ABC studios sent their sports broadcasting crew under executive Roone Arledge (Peter Sarsgaard) to film the 1972 Olympic Games in Munich, West Germany, with live reporting by Peter Jennings (Benjamin Walker). During the Games, the terrorist group Black September took 9 Israeli athletes and two coaches hostage in their Olympic Village hotel room. Arledge seizes the opportunity, refusing to turn coverage over to the ABC News team, and authorizing George Mason (John Magaro), head of the video control room, to use all measures to get the story. Mason scrambles to get Jennings and cameras in place before the police clear the area of journalists, and has their translator (Leonie Benesch) listen to the police scanners.
This is based on real events.
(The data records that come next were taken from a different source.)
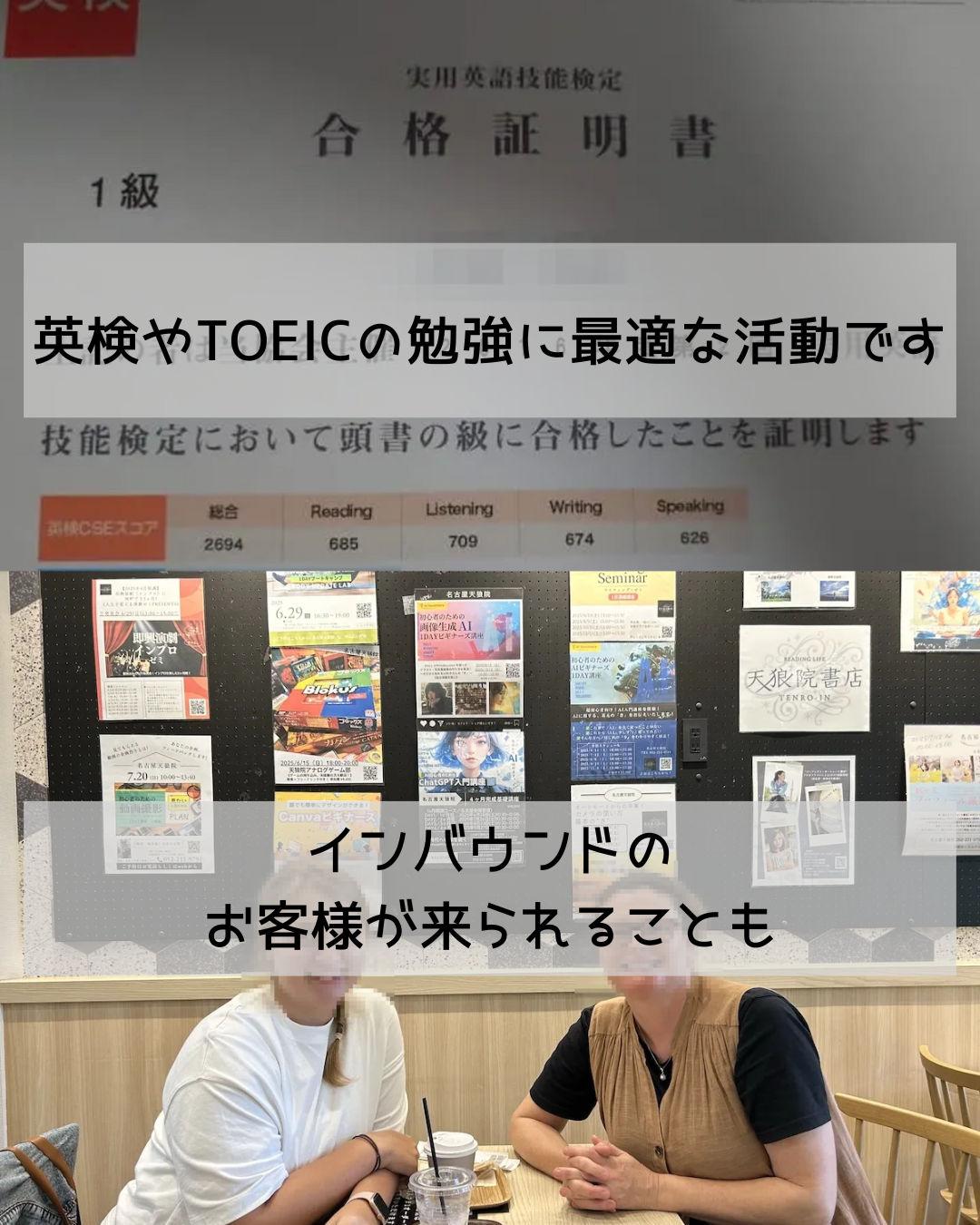 名古屋のカフェで英会話サークルを開催しています。主催者は英検1級を取得していますが、英語学習を継続しています。ガチの英語学習仲間を募集中です。くわしくは公式サイトを確認ください。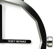 ISSEY MIYAKEと深澤直人のコラボ。針の中心軸の径と同じ太さの時分計がシンプルで機能的なデザインを際立たせる。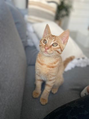 Roocky est un chaton qui était avec ses sœurs et sa maman dehors dans le jardin d’un monsieur. L’association l’a donc pris en charge.

My mom remembers seeing it live. It was a major moment in broadcast journalism as the first terrorist hostage-taking shown on live television.
I don't want to knock the movie. It's very well done, it tells an interesting story and does so in an interesting way. (It's also only about 90 minutes, which is refreshing as fuck.) But I do lament the timing of it. It feels really suspect that a film centering on the murder of Israelis by Palestinian terrorists is coming out while the news is dominated by stories of Israelis systematically starving and murdering Palestinians. I don't think that was the intent of the film-makers. The wiki page states that they spent months going through archival footage and researching. It's not a conspiracy; it's just really shitty timing. Unfortunately, if I've made the connection, I'm betting other people will have as well. And that sucks. The movie doesn't deserve to be tarred with that brush.
It's not up for Editing, which feels like a slight since they did manage to make the archival footage look pretty seamless. I don't think it will win but hopefully the exposure will put it in front of more eyeballs than it would have gotten if Paramount had just dumped it on streaming. Which it's not on yet, by the way, but keep a lookout.